In Morley v RBS, a property developer defaulted on a loan and claimed damages from the bank, essentially, for not realising enough money from the security it held.
Morley argued (rather bravely) that the loan was a “relational” contract à la Yam Seng and so subject to a duty of good faith which the bank had breached by, variously: manufacturing a dispute and imposing default interest; obtaining a valuation to force a breach of a covenant; threatening to impose a pre-pack sale; and refusing to accept an offer of a buyout in a timely manner. Morley also claimed (much less controversially) that the power to obtain a valuation was one that could not be used to “vex … maliciously” (see PAG v RBS).

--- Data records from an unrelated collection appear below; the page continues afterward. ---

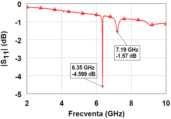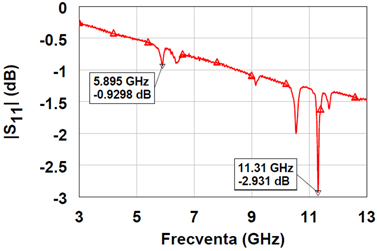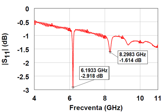Structurile SAW obtinute au fost caracterizate prin măsurarea coeficientului de reflexie S11 cu un analizor vectorial de rețea (Fig. 10).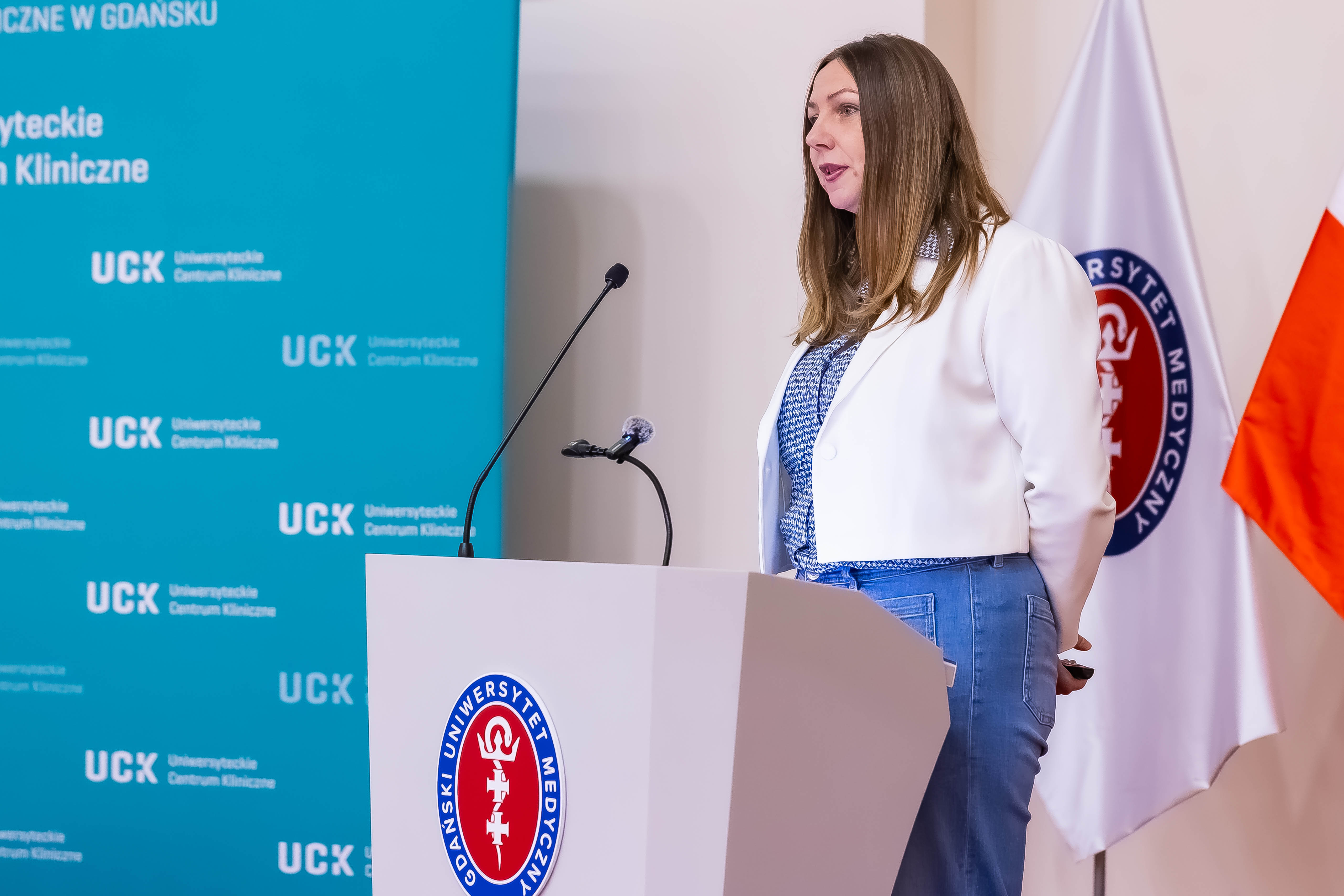 Prelekcje nt. aktualnej oferty technologicznej GUMed oraz o innowacyjnych projektach, które realizuje Uniwersyteckie Centrum Kliniczne wraz z GUMed, wygłosili dr Katarzyna Waligóra-Borek, p.o. Dyrektora Centrum Transferu Technologii UCK oraz Dariusz Szplit, Kierownik Działu Innowacji, Analityki i Wdrożeń Technologii Medycznych UCK.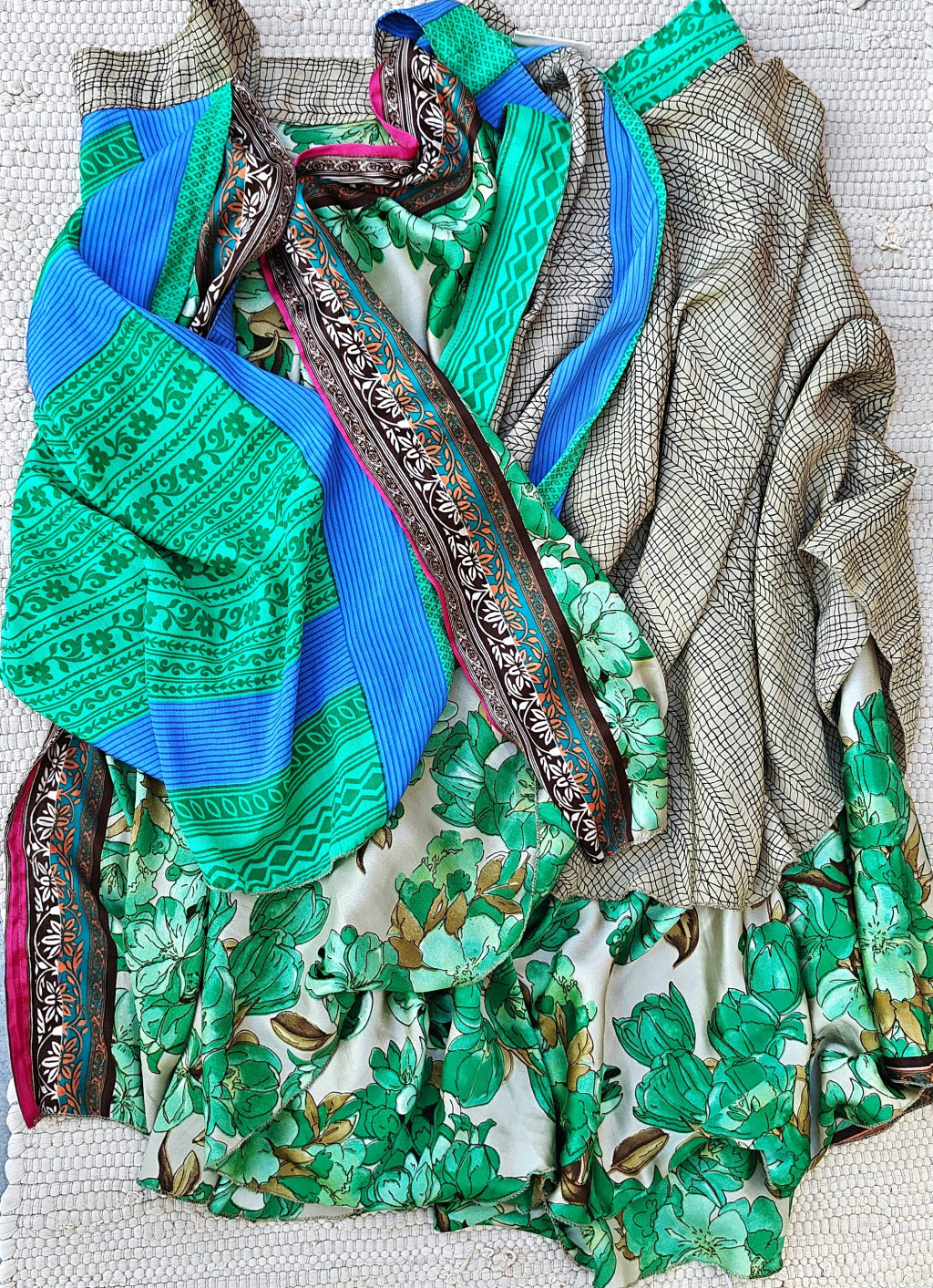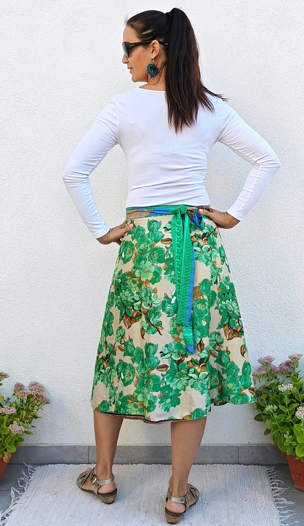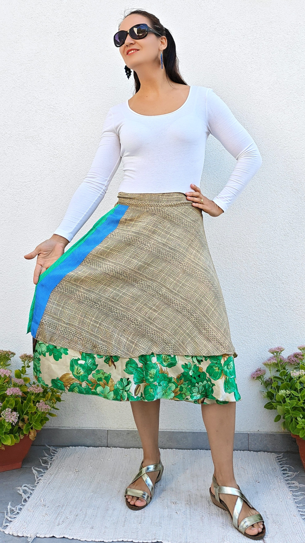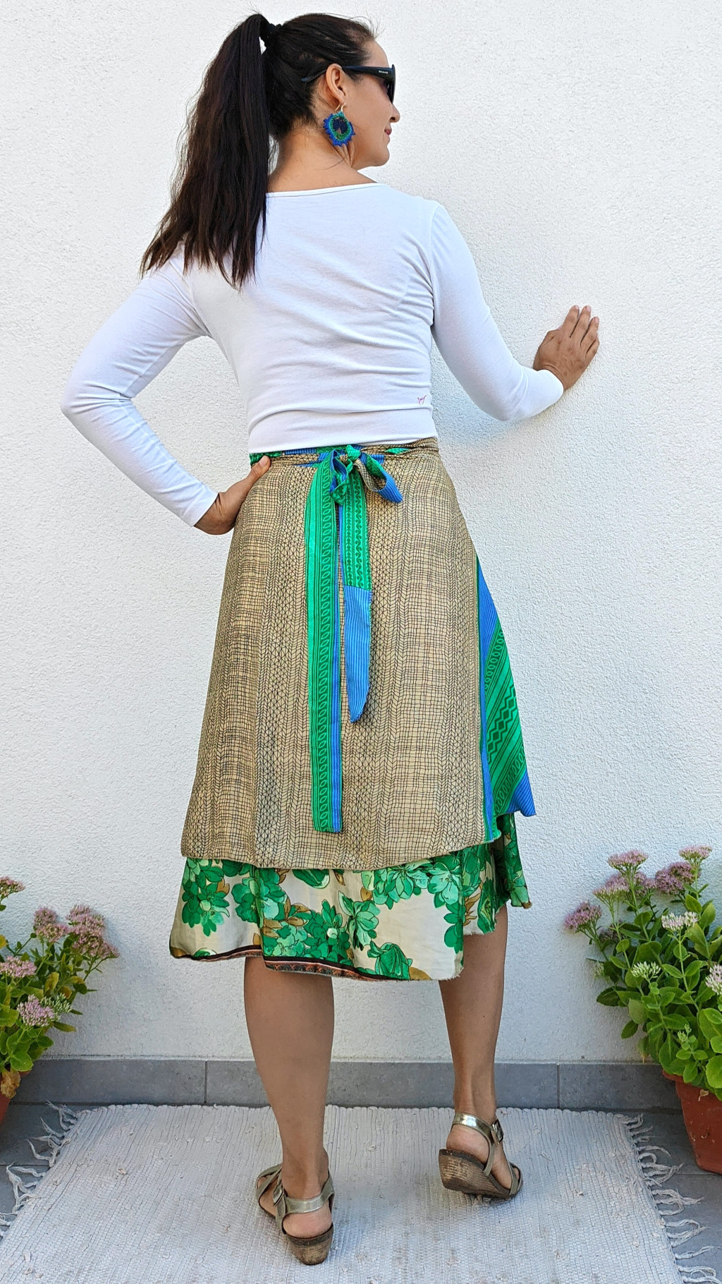 Lapszoknyáink újrahasznosított szárikból készülnek Indiában, egy hosszabb és egy rövidebb anyag derékban összevarrva! Két oldalú, kifordítható, mindkét oldala hordható, sokféleképpen köthető, variálható. Szoknyáinkból nincs két egyforma, mindegyikből csak EGY darab van, ha megtetszik, csapj le rá!

Mercifully, the court rejected the idea that the loan was a “relational” contract of any kind. The right to call in the loan was a contractual right and not a discretion. There were only two relevant contractual discretions: the bank’s power to obtain a revaluation of the charged assets; and its power to charge a default interest rate. These had been exercised for purposes rationally connected to the bank’s commercial interests and not so as to vex Morley maliciously.
In TAQA v Rockrose, TAQA sought to terminate the appointment of Rockrose as operator under joint operating agreements concerning oil and gas blocks in the North Sea.
Rockrose argued that the termination of appointment provisions were: contractual discretions subject to an implied term that their exercise be limited by concepts of honesty, good faith, and genuineness, and the need for the absence of arbitrariness, capriciousness, perversity and irrationality (see Socimer) and/or – alleged to be of similar effect – subject to good faith obligations à la Yam Seng.
The court first looked at the provisions in question and held that they were intended to be unqualified – both on the basis of the language used and by comparison to language deployed elsewhere, for example, where the use of the word “if” clearly qualified the relevant provision.
While accepting that the law in relation to contractual discretions is developing, the court listed a series of authorities which consistently held that unqualified termination provisions take effect in accordance with their terms.
The court acknowledged that the joint operating agreements may be relational, but that did not mean that it was necessary to imply an obligation to act in good faith when exercising an unqualified right to terminate an appointment.
Finally, even if the arguments about implied terms had succeeded, the court held that they would not have been breached on the facts since the termination was founded on financial and operational risks that were subjectively but genuinely perceived.